[Stored entries]
----------
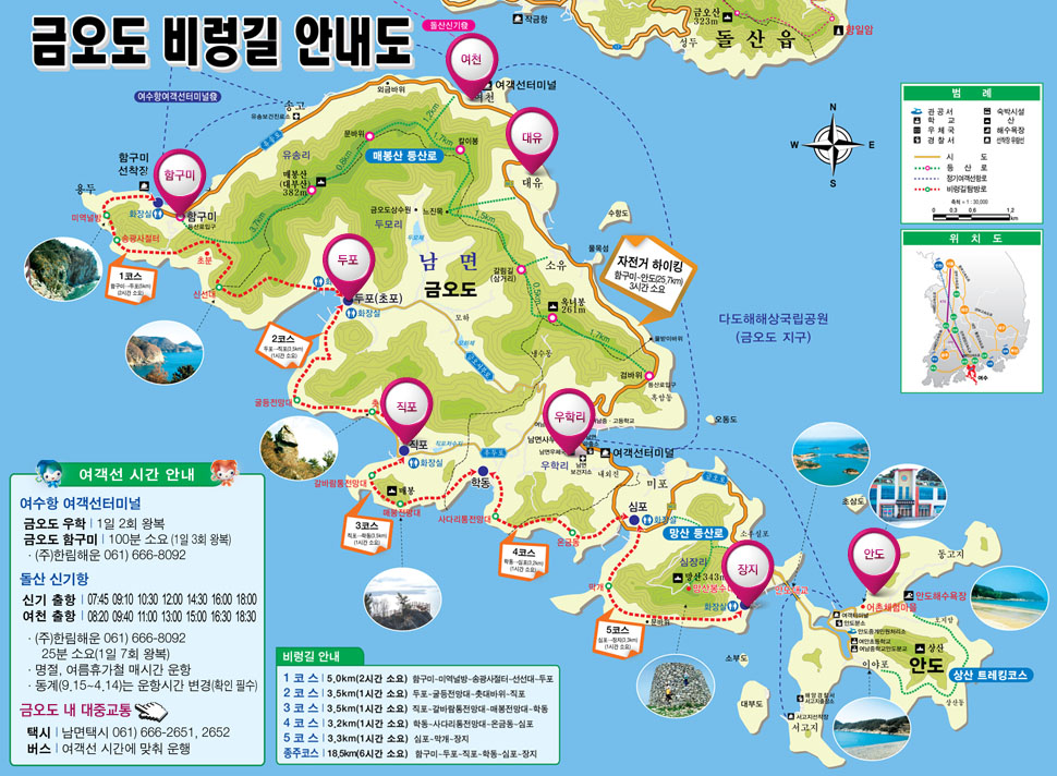 금오도 비렁길은 바다색과 동백나무가 조화롭게 어울리며, 주변에는 낚시터와 편의점 등이 있어 편하게 즐길 수 있습니다.
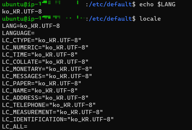 LANG=ko_KR.UTF-8
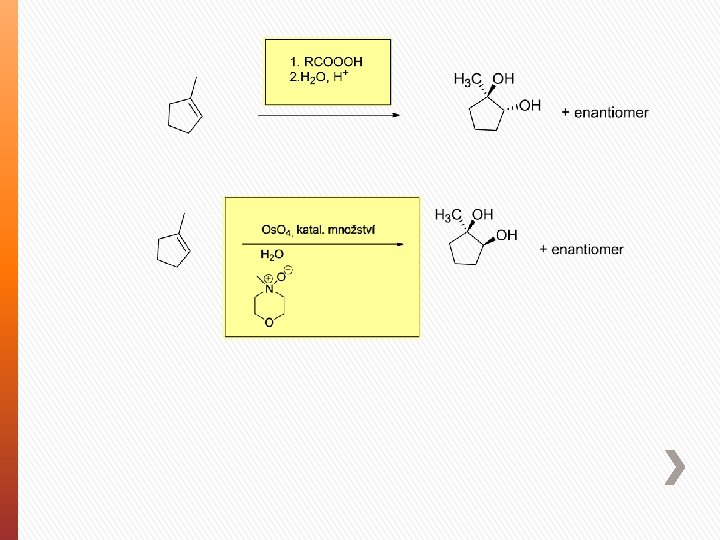 8) Oxidace a) vznik oxacyklopropanového kruhu b) vicinální syn-dihydroxylace stereospecifická syn -adice c) vicinální anti-dihydroxylace
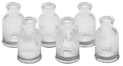 Glasvasen, gerillt, Größe: 7,4 cm hoch, 4,3 cm Ø, Öffnung: 1,5 cm Ø, Inhalt: 6 Stück.
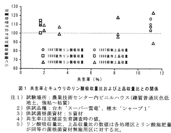 を混入すると高まる。また、VA菌根菌を共生させてもキュウリの収量は必ずしも向上しない。
----------
Assignment –
Retype each line above exactly and leave out any picture.

Answer area –
 금오도 비렁길은 바다색과 동백나무가 조화롭게 어울리며, 주변에는 낚시터와 편의점 등이 있어 편하게 즐길 수 있습니다.
 LANG=ko_KR.UTF-8
 8) Oxidace a) vznik oxacyklopropanového kruhu b) vicinální syn-dihydroxylace stereospecifická syn -adice c) vicinální anti-dihydroxylace
 Glasvasen, gerillt, Größe: 7,4 cm hoch, 4,3 cm Ø, Öffnung: 1,5 cm Ø, Inhalt: 6 Stück.
 を混入すると高まる。また、VA菌根菌を共生させてもキュウリの収量は必ずしも向上しない。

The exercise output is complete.